# Switch X and Y on my Machine



## mtyflory (Apr 6, 2014)

I have a Probotix router and I would switch the X and Y axis. I would think it would not be that hard but I don't want to screw anything up on the computer config files in case it doesn't work. I thought I would ask in case someone has already gone through the change already. It is running LinuxCnc.


----------



## 4DThinker (Feb 16, 2014)

Which Probotix model? If it is the Comet/Asteroid/Meteor you'll be challenged because they use two motors for Y and only one for X.


----------



## OPG3 (Jan 9, 2011)

Marty,

First let me say that [obviously] I'm unfamiliar with your setup, but I have to ask this question. This is the sort of thing required daily in manufacturing. Can't you simply locate the centroid of vectors and then rotate your image 90*?

Otis Guillebeau from Auburn, Georgia


----------



## mtyflory (Apr 6, 2014)

I have the Meteor. I know that it is not an easy one to do.


----------



## mtyflory (Apr 6, 2014)

Yes I know I can just rotate the part. But the thing is I have been machining for a long time and to get my mind to change and think that the short axis is X is going to be a very hard thing for me to do. Its also about where I stand when running the router everything says that the axis are backward. I have never seen a machine where the X axis was not the longer travel axis. Thank you all for your help.


----------



## 4DThinker (Feb 16, 2014)

I went from a CNC shark to a Meteor. The Shark had a square 25" x 25" cutting area so X vs Y didn't matter. I got used to Y moving the gantry forward and back , and X moving the router left and right along the gantry. From my perspective the Meteor is just right. Y moves the Gantry forward and back, and X moves the router left and right along the gantry. 
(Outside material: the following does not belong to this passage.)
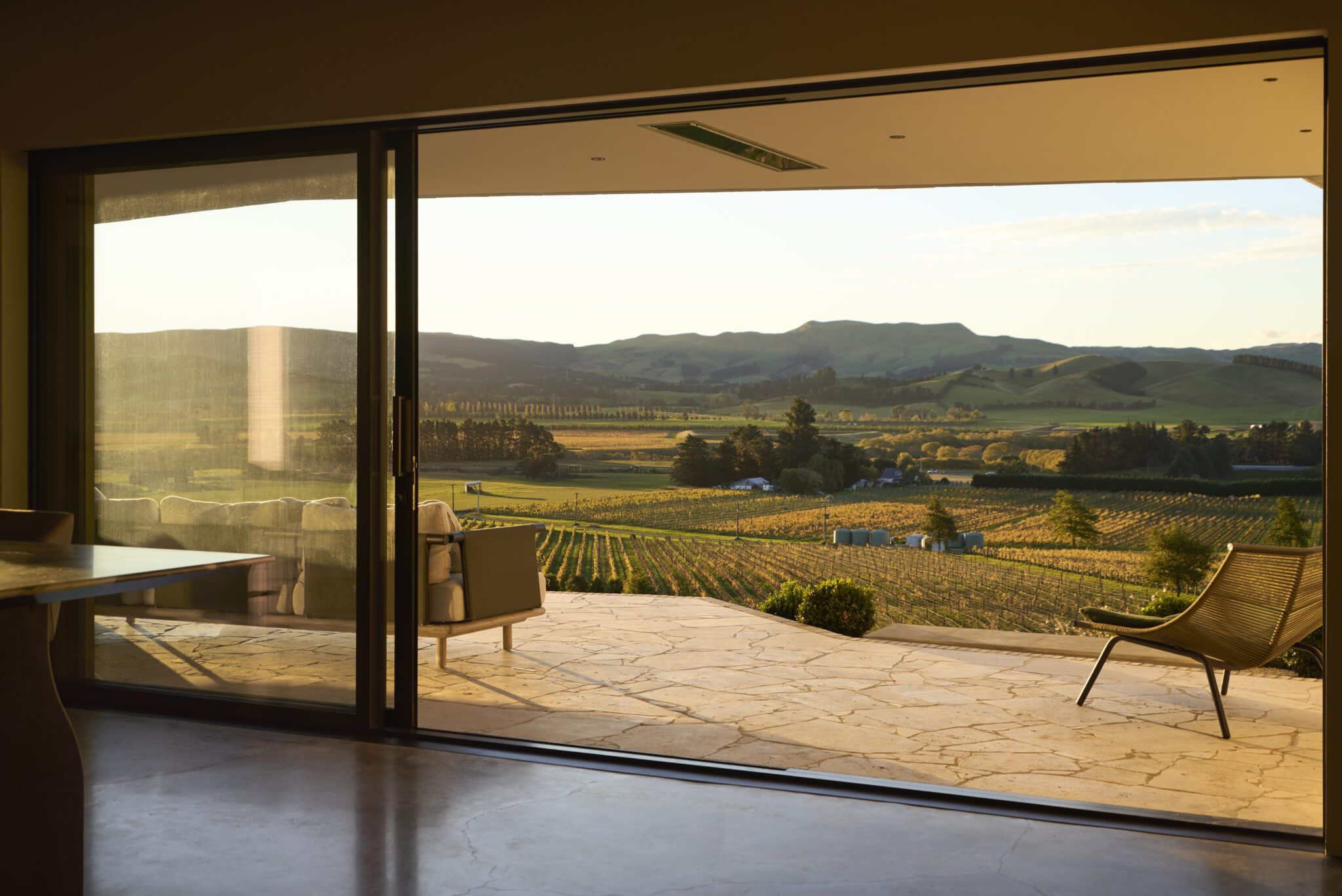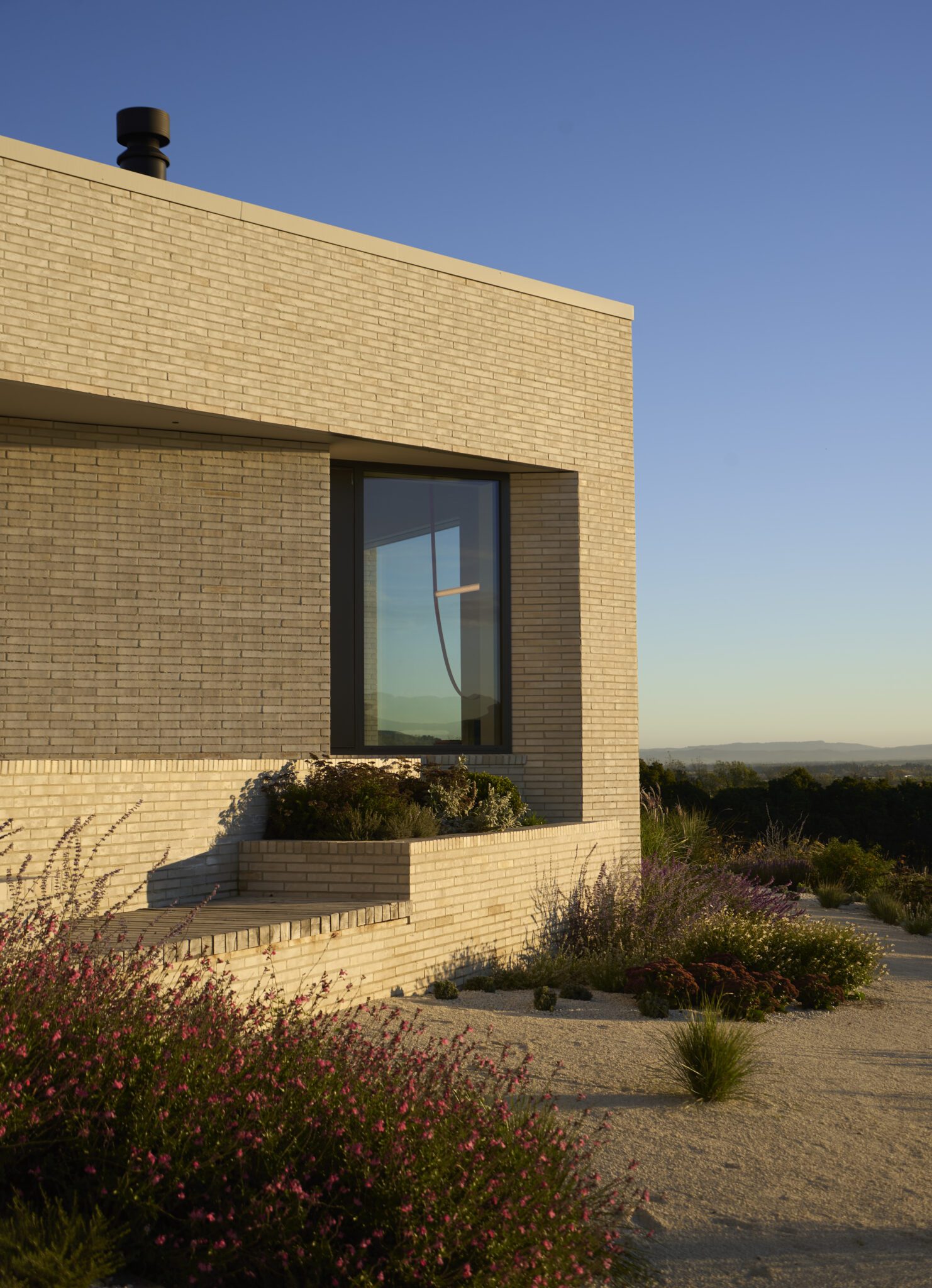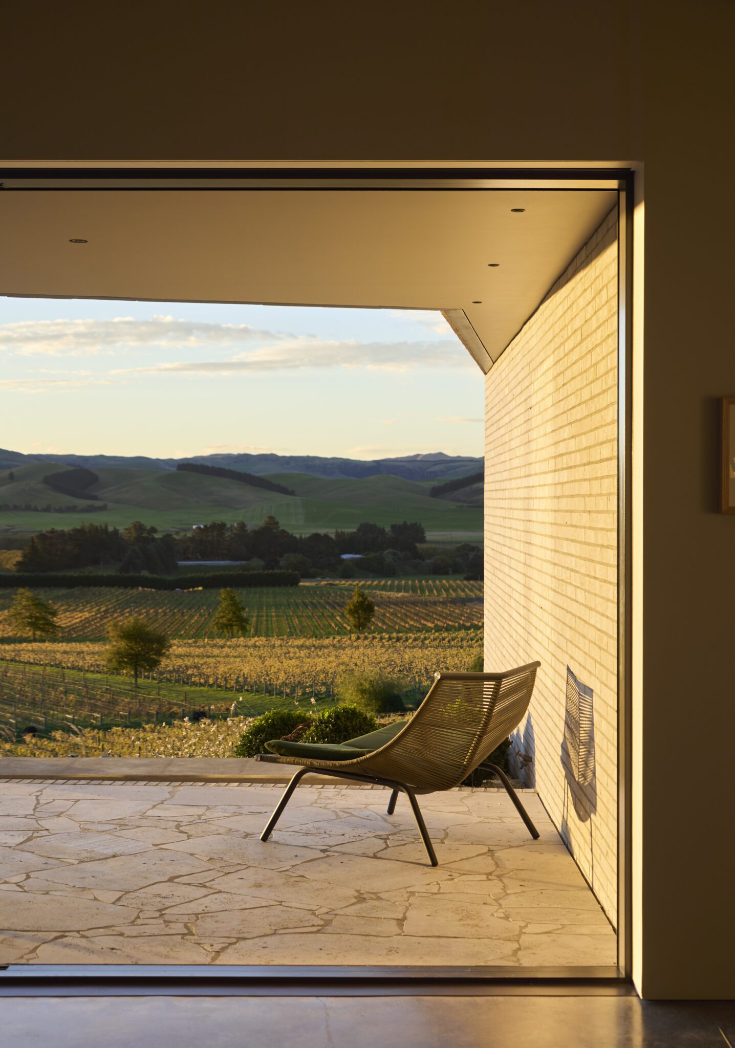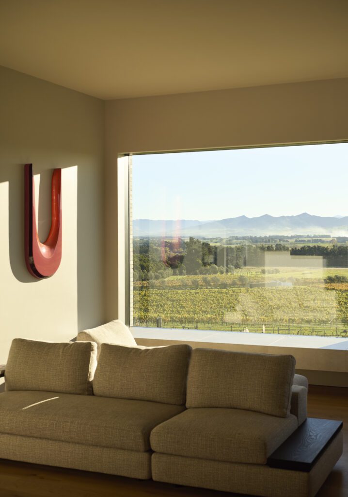 Case explains that the windows are deliberately proportioned as frames, curating moments of the surrounding terrain: distant outcrops, vineyard rows flowing downhill, and long axial views that align living spaces with the land’s natural contours, distant or otherwise.

Of course the Multicam I can use at work has X moving the gantry forward and back while Y moves the spindle along the gantry. I see your confusion and raise you a headache.


----------



## mtyflory (Apr 6, 2014)

4DThinker said:


> I went from a CNC shark to a Meteor. The Shark had a square 25" x 25" cutting area so X vs Y didn't matter. I got used to Y moving the gantry forward and back , and X moving the router left and right along the gantry. From my perspective the Meteor is just right. Y moves the Gantry forward and back, and X moves the router left and right along the gantry.
> 
> Of course the Multicam I can use at work has X moving the gantry forward and back while Y moves the spindle along the gantry. I see your confusion and raise you a headache.


Yea its not that I can't live with it but it more productive if it were reversed because I don't have to think before I do something.


----------



## 4DThinker (Feb 16, 2014)

The folks at Probotix are typically very helpful. You might give their support number a call to ask about swapping X and Y. They are getting busy these days now with more orders than expected, so just don't be surprised if it takes them awhile to get an answer for you. 
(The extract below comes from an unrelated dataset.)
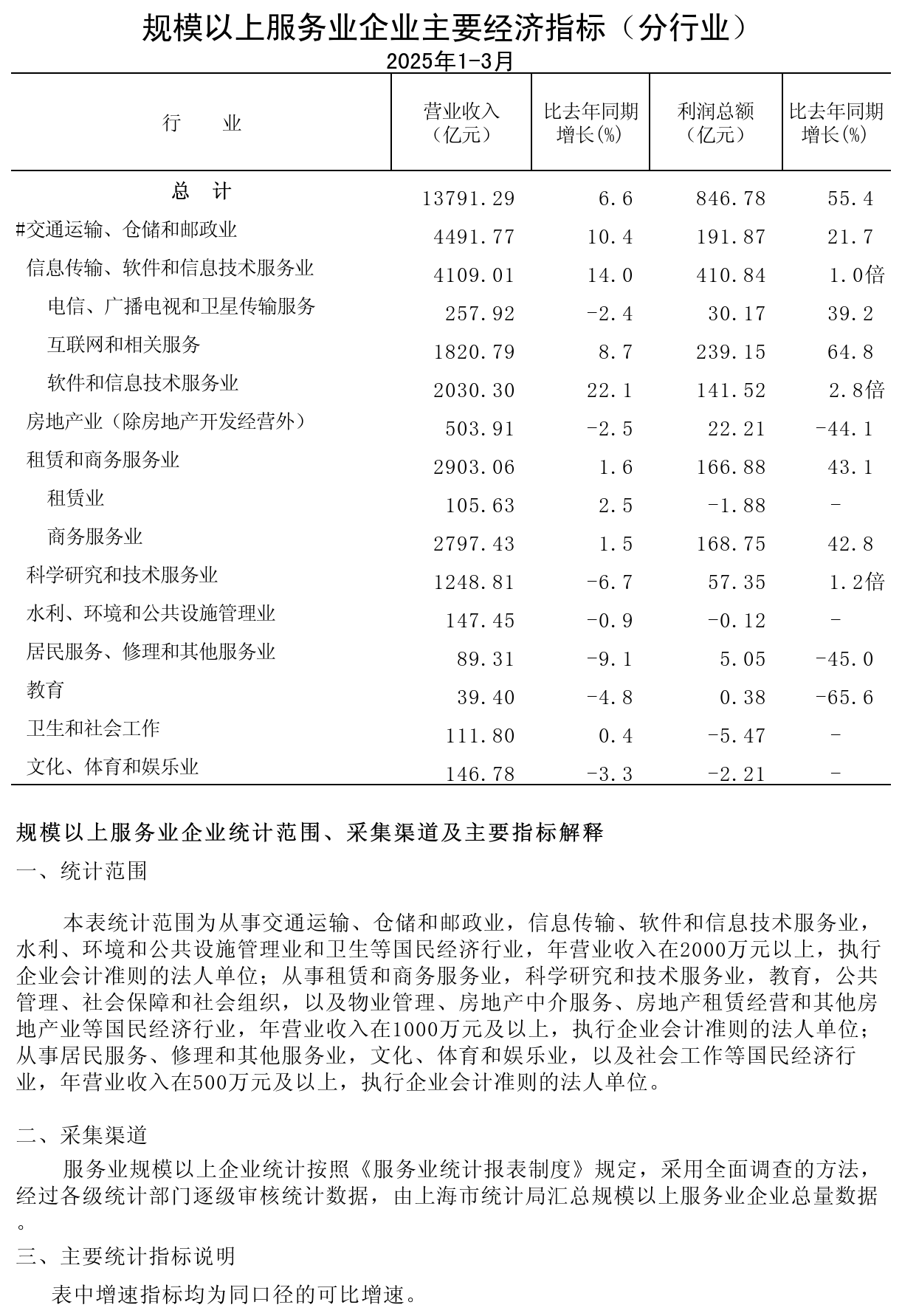 2025年1-3月规模以上服务业企业主要经济指标(分行业)

If I was more comfortable with Linux I'd look into the LinuxCNC settings for you, but given the meteor is my first exposure I'm not wanting to risk screwing myself in the process. 

4D


----------



## mtyflory (Apr 6, 2014)

4DThinker said:


> The folks at Probotix are typically very helpful. You might give their support number a call to ask about swapping X and Y. They are getting busy these days now with more orders than expected, so just don't be surprised if it takes them awhile to get an answer for you.
> 
> If I was more comfortable with Linux I'd look into the LinuxCNC settings for you, but given the meteor is my first exposure I'm not wanting to risk screwing myself in the process.
> 
> 4D


Yes I know they are getting very busy. And they did say that I should be able to find the config file somewhere on their web sight but it is not anywhere I can find it. I think I will give them another call and see if they can tell me exactly how to convert this over.

Thanks to all.


----------



## 4DThinker (Feb 16, 2014)

They may have meant finding the config file to edit on your linux PC. If they know how to change it so X is Y and Y is X, then ask them if they can simply email you the edited file with info on where to copy it to.


----------



## mtyflory (Apr 6, 2014)

Yes I will have to call them again and see if they can help with the config file.

Thank You for your help.


----------